TASK PROMPT: Using the listing below, report each line holding the string "campaign".

=== DATA UNDER STUDY ===

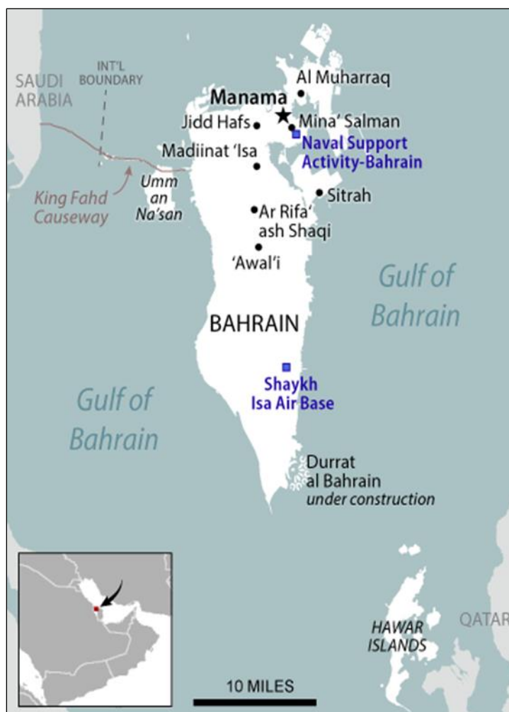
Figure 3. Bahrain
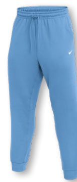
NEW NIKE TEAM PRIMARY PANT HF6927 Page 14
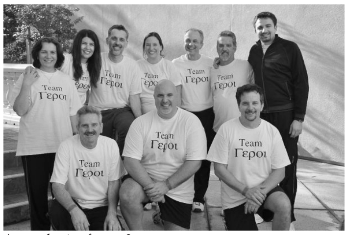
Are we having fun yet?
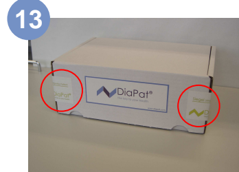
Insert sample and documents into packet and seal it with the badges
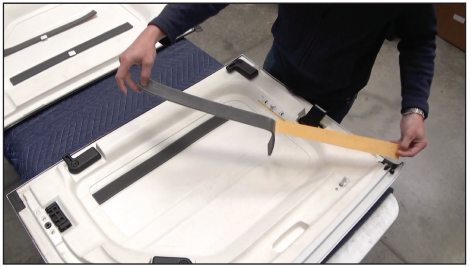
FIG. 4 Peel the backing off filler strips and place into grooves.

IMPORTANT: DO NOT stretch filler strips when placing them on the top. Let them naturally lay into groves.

===
=== DATA UNDER STUDY ===

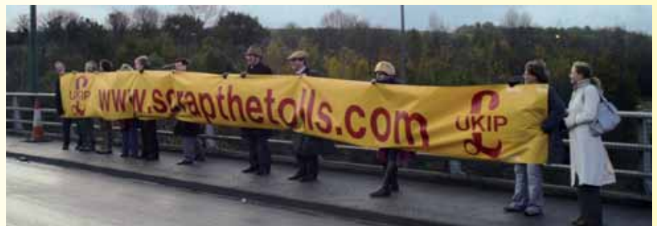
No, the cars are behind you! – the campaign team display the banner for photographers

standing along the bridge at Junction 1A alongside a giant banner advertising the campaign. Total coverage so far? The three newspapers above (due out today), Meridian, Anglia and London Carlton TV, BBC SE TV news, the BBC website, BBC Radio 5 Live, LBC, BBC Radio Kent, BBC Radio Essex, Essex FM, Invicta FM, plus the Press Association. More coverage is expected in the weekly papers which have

===

RESPONSE:
No, the cars are behind you! – the campaign team display the banner for photographers
standing along the bridge at Junction 1A alongside a giant banner advertising the campaign. Total coverage so far? The three newspapers above (due out today), Meridian, Anglia and London Carlton TV, BBC SE TV news, the BBC website, BBC Radio 5 Live, LBC, BBC Radio Kent, BBC Radio Essex, Essex FM, Invicta FM, plus the Press Association. More coverage is expected in the weekly papers which have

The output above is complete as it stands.